### Exercise
The answer must be an exact copy of the lines from the one containing "Όταν εφαρμόζεται διαφορά" through the end of the records, with the pictures left out.

*** Opening Data for processing ***

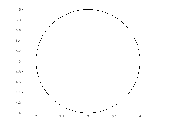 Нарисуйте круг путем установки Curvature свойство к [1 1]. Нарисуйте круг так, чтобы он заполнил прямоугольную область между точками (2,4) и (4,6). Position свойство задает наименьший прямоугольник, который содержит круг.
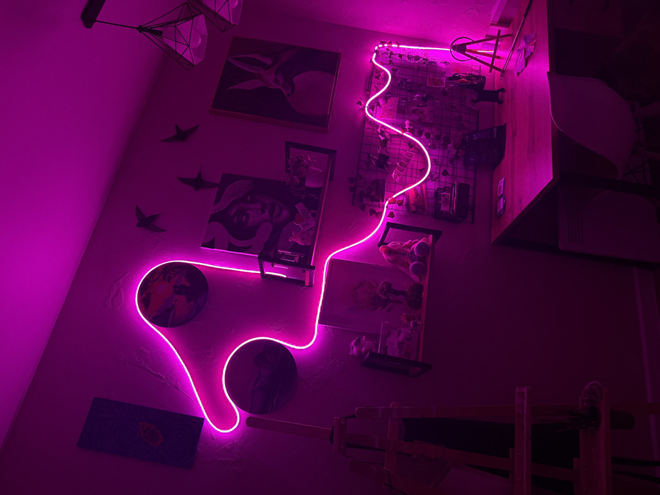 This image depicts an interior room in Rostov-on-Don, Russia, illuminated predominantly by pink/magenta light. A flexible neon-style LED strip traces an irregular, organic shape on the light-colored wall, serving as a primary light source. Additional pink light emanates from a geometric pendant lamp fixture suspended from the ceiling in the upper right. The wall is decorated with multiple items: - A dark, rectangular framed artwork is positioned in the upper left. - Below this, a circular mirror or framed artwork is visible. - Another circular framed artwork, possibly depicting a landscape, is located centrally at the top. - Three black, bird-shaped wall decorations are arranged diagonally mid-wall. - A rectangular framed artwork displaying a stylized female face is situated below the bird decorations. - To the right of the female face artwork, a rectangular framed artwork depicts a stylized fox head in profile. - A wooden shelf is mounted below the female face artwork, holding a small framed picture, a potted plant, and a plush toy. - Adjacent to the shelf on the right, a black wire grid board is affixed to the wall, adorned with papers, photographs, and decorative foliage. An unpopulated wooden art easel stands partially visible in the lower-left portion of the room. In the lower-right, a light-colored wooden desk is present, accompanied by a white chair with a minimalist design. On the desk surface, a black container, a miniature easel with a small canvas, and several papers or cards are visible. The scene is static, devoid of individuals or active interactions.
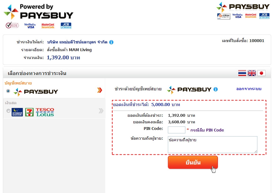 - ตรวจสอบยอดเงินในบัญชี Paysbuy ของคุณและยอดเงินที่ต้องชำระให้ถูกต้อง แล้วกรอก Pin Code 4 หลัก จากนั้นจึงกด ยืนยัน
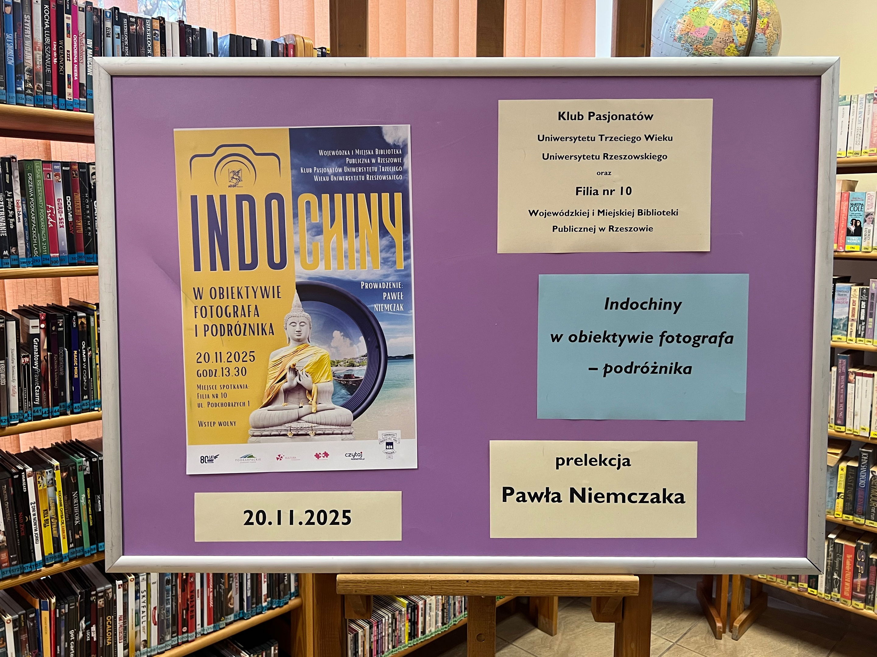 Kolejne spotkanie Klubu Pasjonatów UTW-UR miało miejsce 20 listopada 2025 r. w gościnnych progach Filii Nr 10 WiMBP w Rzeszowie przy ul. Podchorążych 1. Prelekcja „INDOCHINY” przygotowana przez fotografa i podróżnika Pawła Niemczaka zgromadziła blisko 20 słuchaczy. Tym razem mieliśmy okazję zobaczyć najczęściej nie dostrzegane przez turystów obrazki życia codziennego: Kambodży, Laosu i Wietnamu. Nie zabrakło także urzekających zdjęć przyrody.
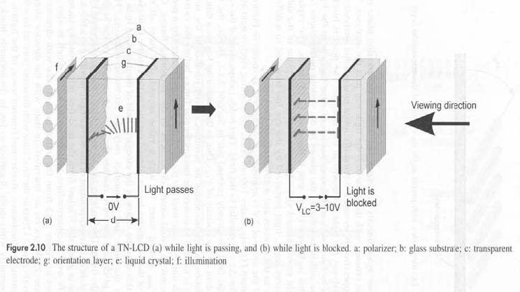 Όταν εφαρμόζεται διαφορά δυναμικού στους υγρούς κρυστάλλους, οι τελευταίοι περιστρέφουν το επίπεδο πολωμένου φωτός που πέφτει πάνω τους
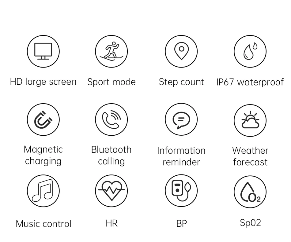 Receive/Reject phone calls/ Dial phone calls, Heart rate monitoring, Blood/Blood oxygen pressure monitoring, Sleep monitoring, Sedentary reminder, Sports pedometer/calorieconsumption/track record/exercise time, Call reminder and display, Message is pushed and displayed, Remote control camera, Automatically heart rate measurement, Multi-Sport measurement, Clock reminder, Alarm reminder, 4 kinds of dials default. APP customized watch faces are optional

*** Closing Data for processing ***

### Response
 Όταν εφαρμόζεται διαφορά δυναμικού στους υγρούς κρυστάλλους, οι τελευταίοι περιστρέφουν το επίπεδο πολωμένου φωτός που πέφτει πάνω τους
 Receive/Reject phone calls/ Dial phone calls, Heart rate monitoring, Blood/Blood oxygen pressure monitoring, Sleep monitoring, Sedentary reminder, Sports pedometer/calorieconsumption/track record/exercise time, Call reminder and display, Message is pushed and displayed, Remote control camera, Automatically heart rate measurement, Multi-Sport measurement, Clock reminder, Alarm reminder, 4 kinds of dials default. APP customized watch faces are optional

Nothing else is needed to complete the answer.